Final answer:
The magnitude of the magnetic field B that balances the gravitational force on the rod moving down the inclined plane with a constant velocity and with a current flowing through it is given by B = mg/Ilsinθ.
Step-by-step explanation:
The student is asking about the magnitude of the magnetic field B that acts on a conducting rod moving with a constant velocity down a smooth inclined plane while a current is flowing through it. The force due to the magnetic field that acts on the current-carrying conductor can be described by the equation F = IlBsinθ, where I is the current, l is the length of the conductor, B is the magnetic field, and θ is the angle between the direction of the current and the magnetic field. Since the rod is moving with constant velocity, the magnetic force should balance out the component of the gravitational force along the plane.
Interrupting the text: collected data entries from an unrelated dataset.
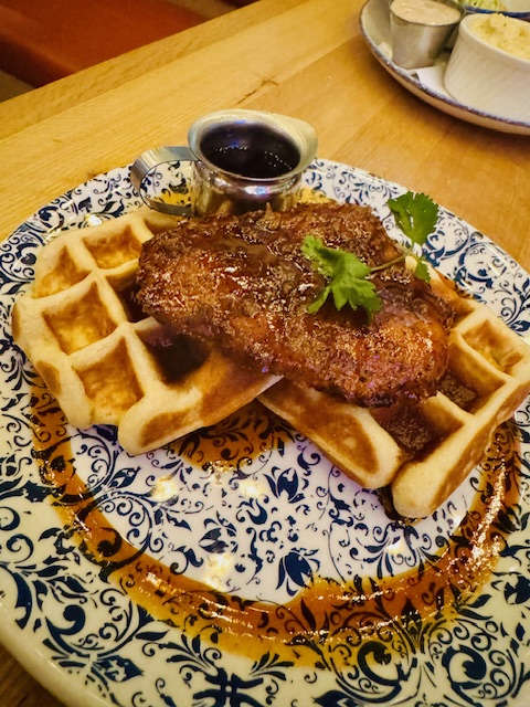 Chicken & Waffles, Sweet & Spicy ($16.95) – Boneless, honey-dusted, fried chicken and buttermilk waffles, Sriracha honey glaze and cilantro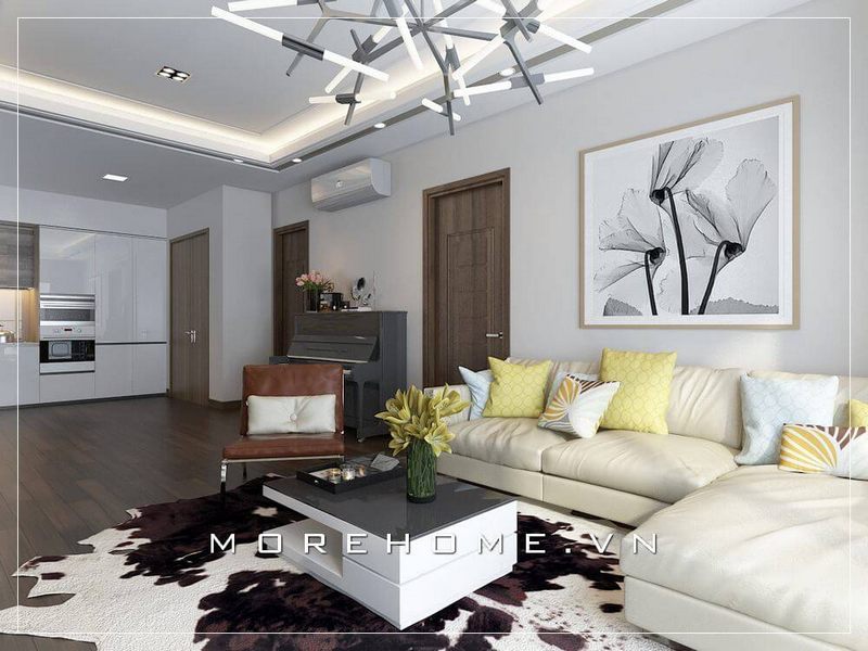 Sự kết hợp giữa sofa hiện đại kem sữa và tranh hoa đen trắng có thể tạo ra một không gian độc đáo cho phòng khách căn hộ chung cư khi bố trí lại.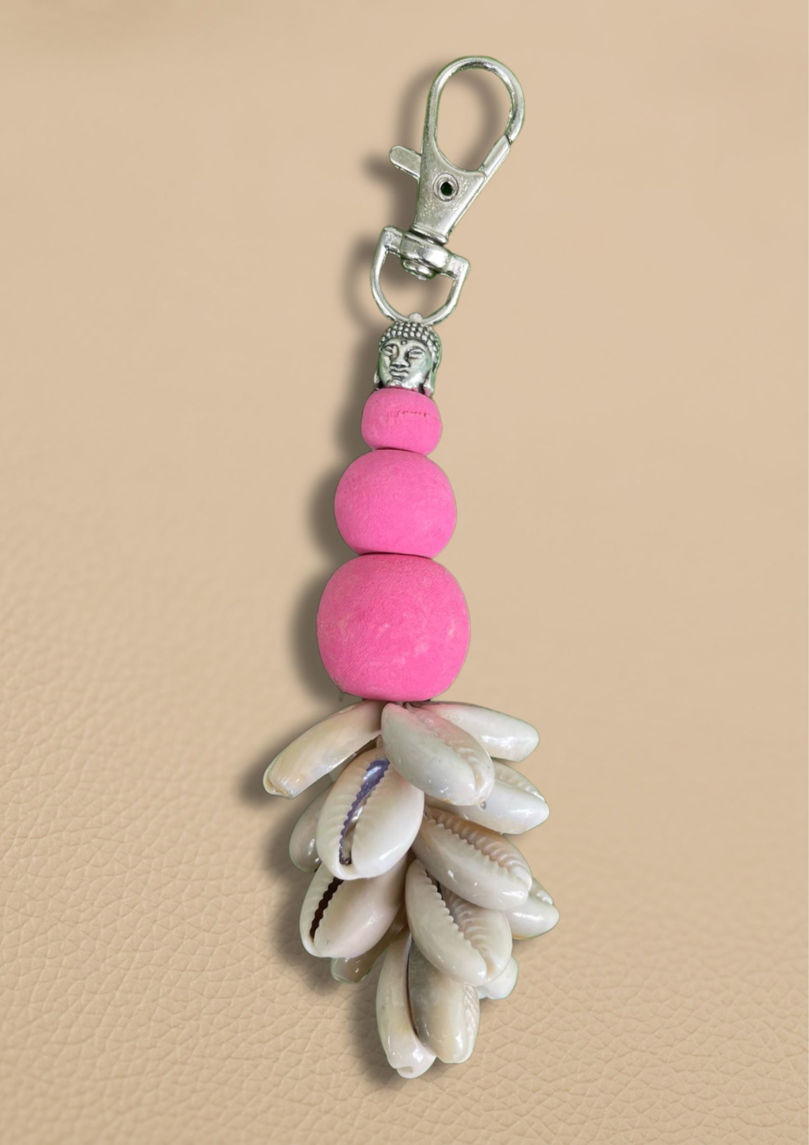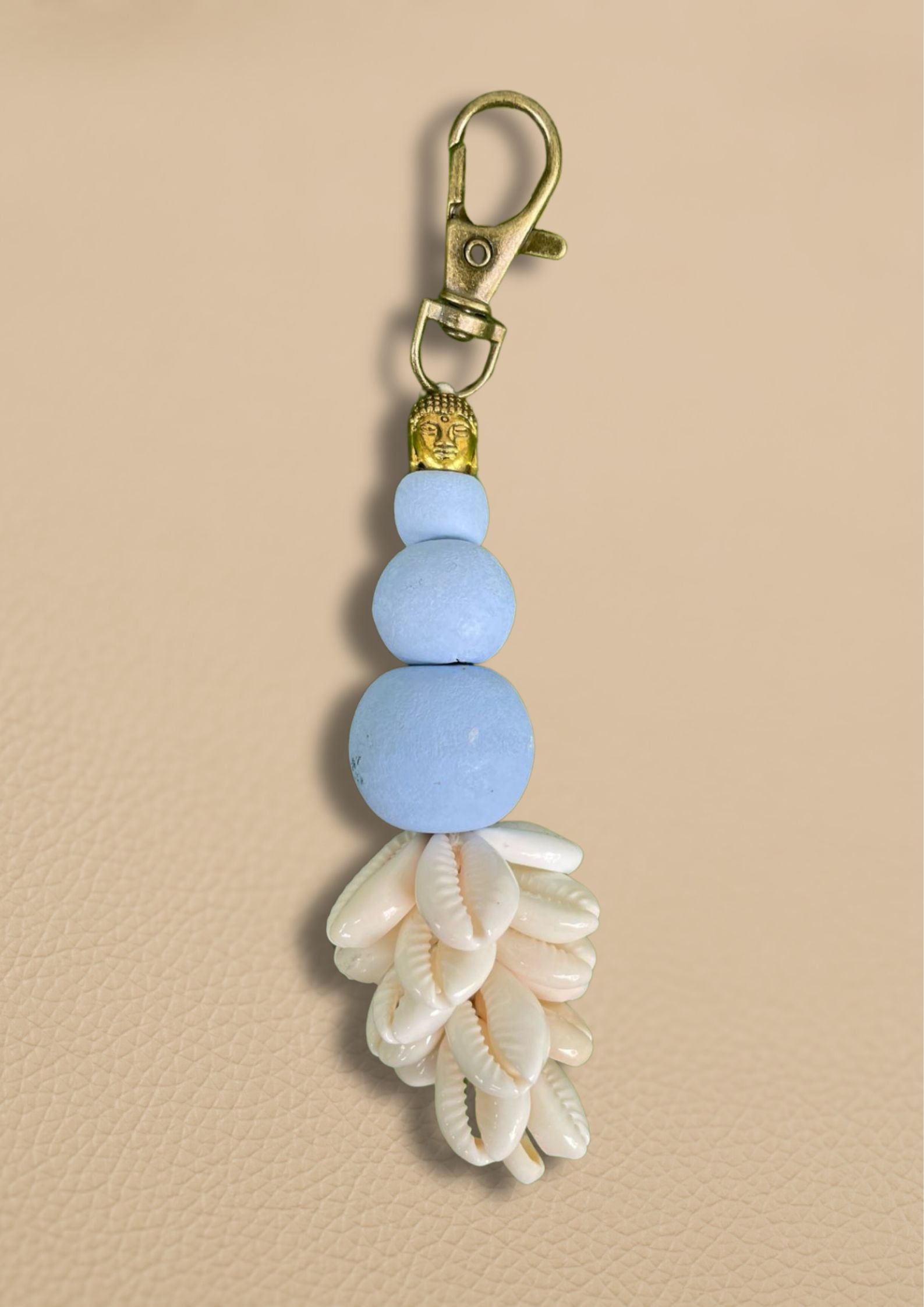 Le design raffiné de cet accessoire évoque l’harmonie et la paix intérieure, tout en ajoutant une touche d’exotisme et de sophistication à votre sac à main. Les coquillages, minutieusement sélectionnés, apportent une texture naturelle et un éclat unique, tandis que la tête de Bouddha, symbole de sagesse et de sérénité, complète l'ensemble avec élégance.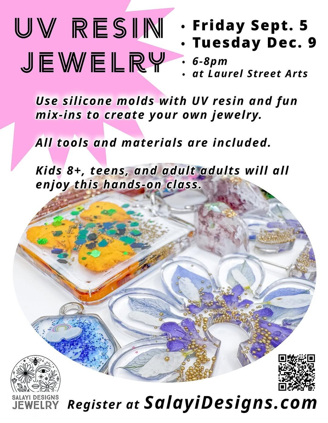 Colorful flyer grabs attention. Bold text highlights key details: event dates, times, and location. Class welcomes ages 8 and up, promoting inclusivity. Using silicone molds and UV resin makes jewelry-making accessible and fun. UV resin cures quickly under light, allowing creativity to flow. Participants can express themselves through unique designs. All materials provided simplifies experience, ensuring focus on learning.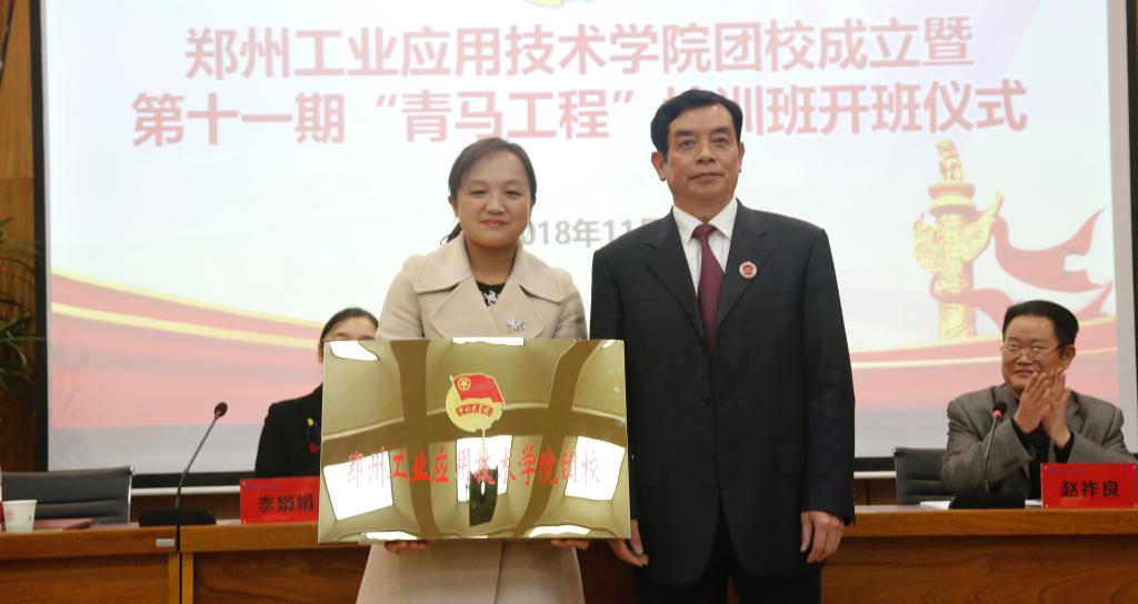 大会在共青团团歌中拉开帷幕。首先,由党委组织部部长赵祚良宣读校党委《关于同意郑州工业应用技术学院团校成立的批复》。党委书记吴廷伟同志为团校揭牌并向国产精品久久久久无码AV授予团校牌匾。随后由党委宣传部部长李娟娟《郑州工业应用技术学院团校建设实施方案》,国产精品久久久久无码AV书记董瑞瑞宣读《共青团郑州工业应用技术学院委员会第十一期“青年马克思主义者培养工程”实施方案》。

The component of the gravitational force along the incline is mg sin θ, and thus the magnetic force acting on the rod will be F = mg sin θ. As per the equation for magnetic force, the magnetic force can also be expressed as F = IlB since the current is perpendicular to the magnetic field (θ = 90 degrees, sin θ = 1). Setting these two expressions for force equal to each other and solving for B yields B = mg/Ilsin θ. Given that sin θ is in the θ, they cancel out, and the correct answer is B = mg/Ilsin θ or option D.